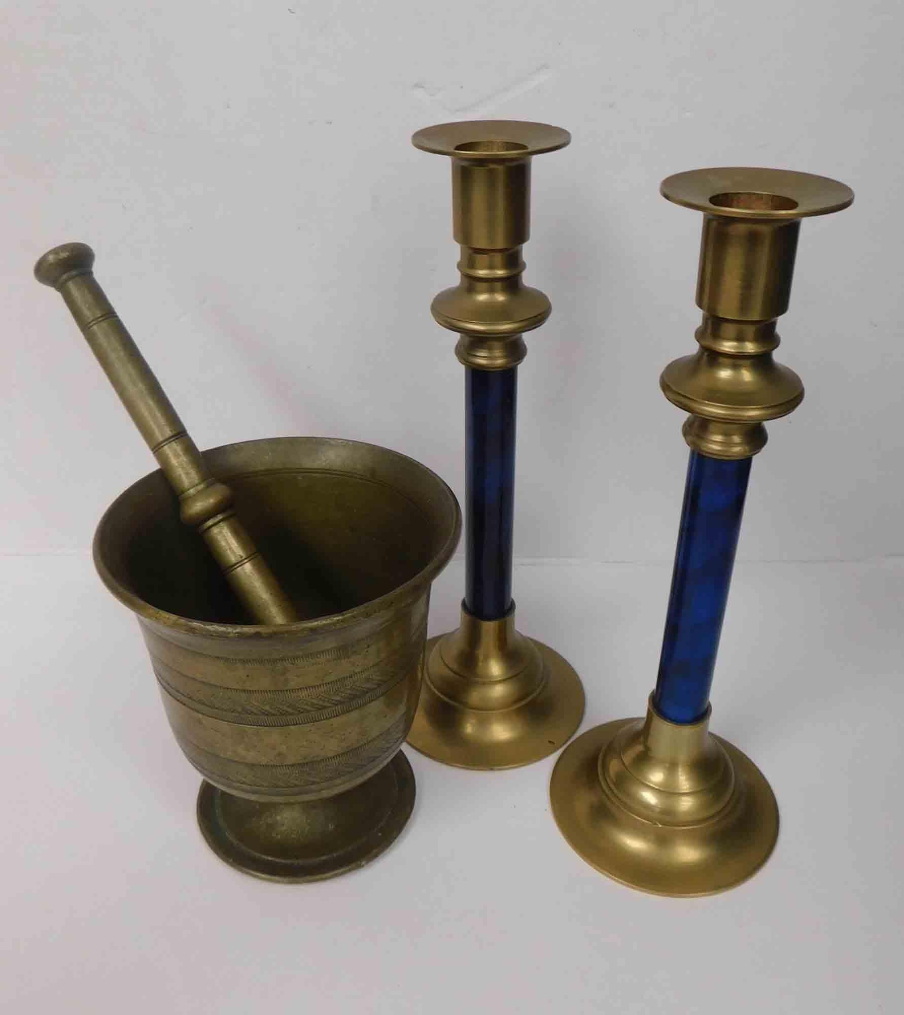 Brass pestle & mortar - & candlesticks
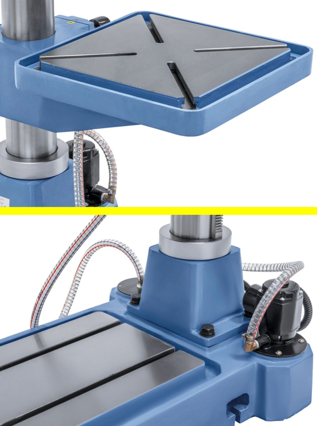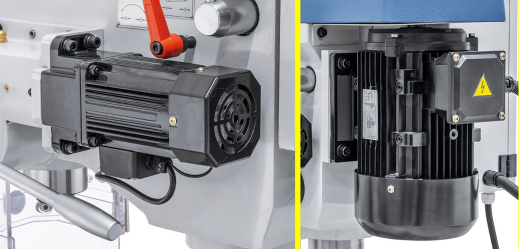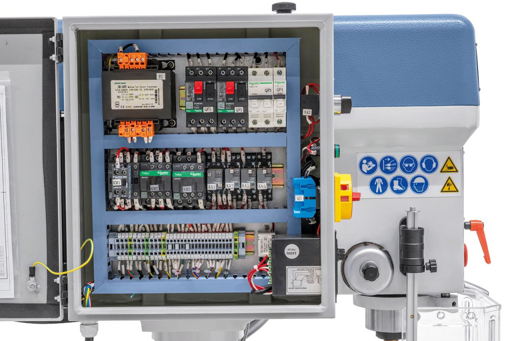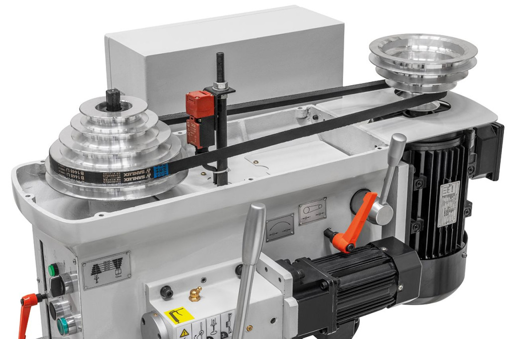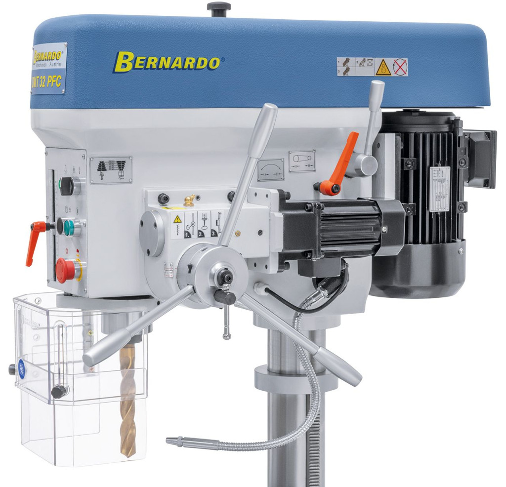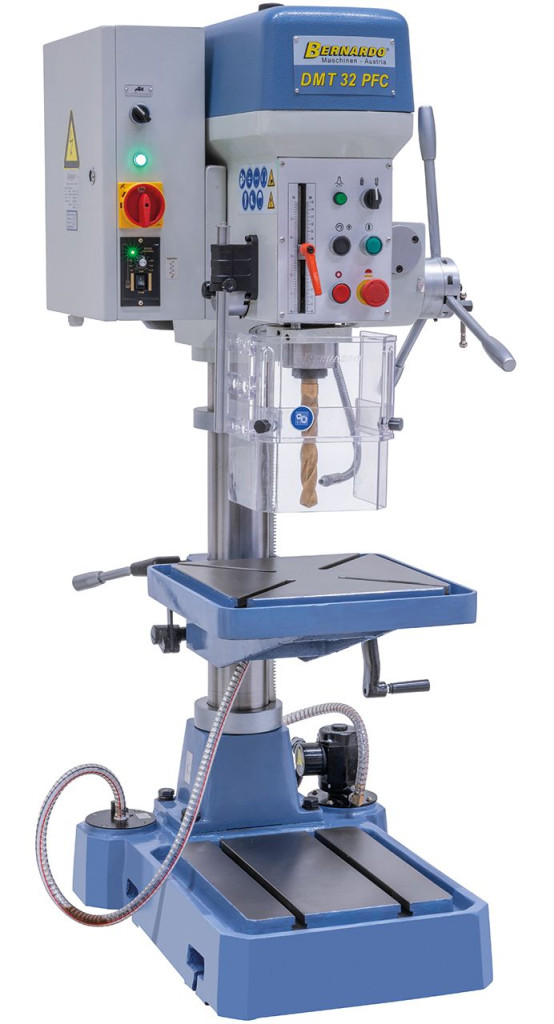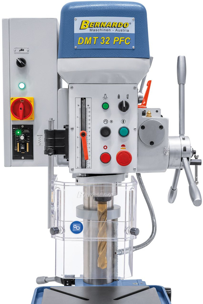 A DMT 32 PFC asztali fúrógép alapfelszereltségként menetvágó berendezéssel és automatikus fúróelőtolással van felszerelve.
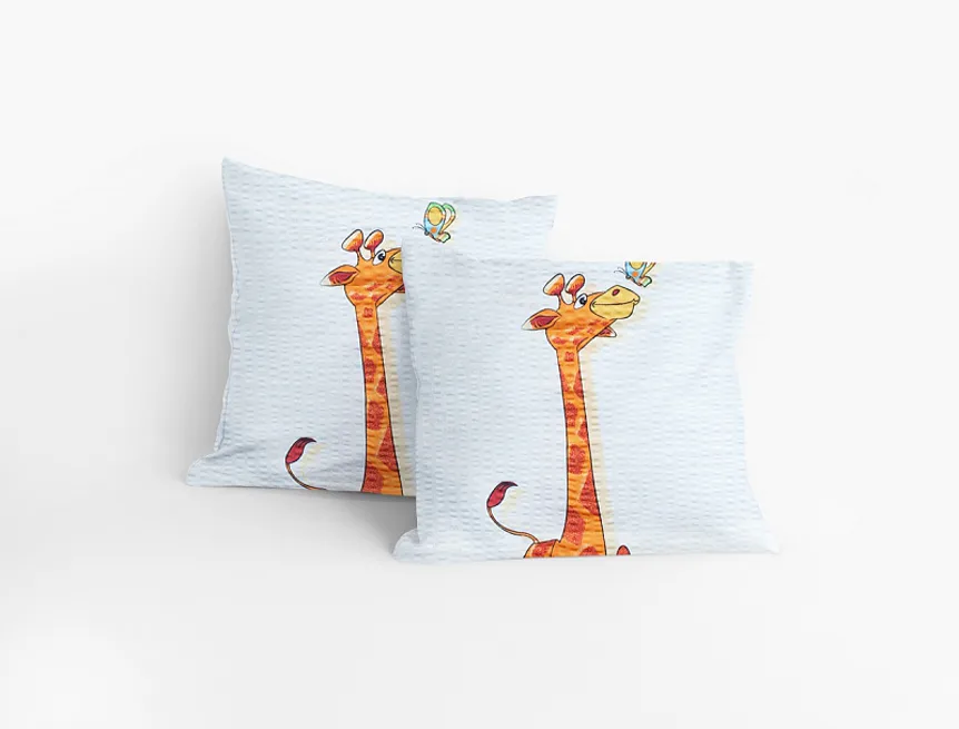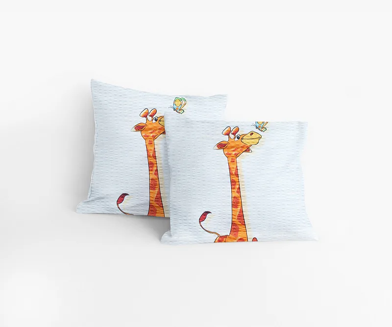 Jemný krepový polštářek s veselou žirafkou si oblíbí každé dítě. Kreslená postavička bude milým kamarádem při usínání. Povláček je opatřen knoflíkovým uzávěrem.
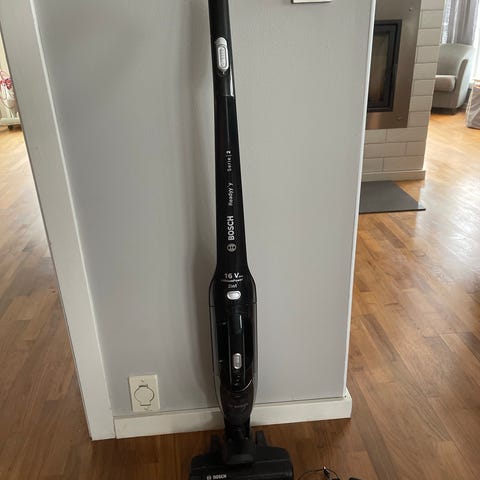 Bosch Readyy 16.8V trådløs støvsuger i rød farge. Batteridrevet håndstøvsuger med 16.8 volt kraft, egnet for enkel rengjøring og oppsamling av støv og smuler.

* [What to do]: Please set down each line of the listing above word for word, skipping any pictures.

* [Exercise response]:
 Brass pestle & mortar - & candlesticks
 A DMT 32 PFC asztali fúrógép alapfelszereltségként menetvágó berendezéssel és automatikus fúróelőtolással van felszerelve.
 Jemný krepový polštářek s veselou žirafkou si oblíbí každé dítě. Kreslená postavička bude milým kamarádem při usínání. Povláček je opatřen knoflíkovým uzávěrem.
 Bosch Readyy 16.8V trådløs støvsuger i rød farge. Batteridrevet håndstøvsuger med 16.8 volt kraft, egnet for enkel rengjøring og oppsamling av støv og smuler.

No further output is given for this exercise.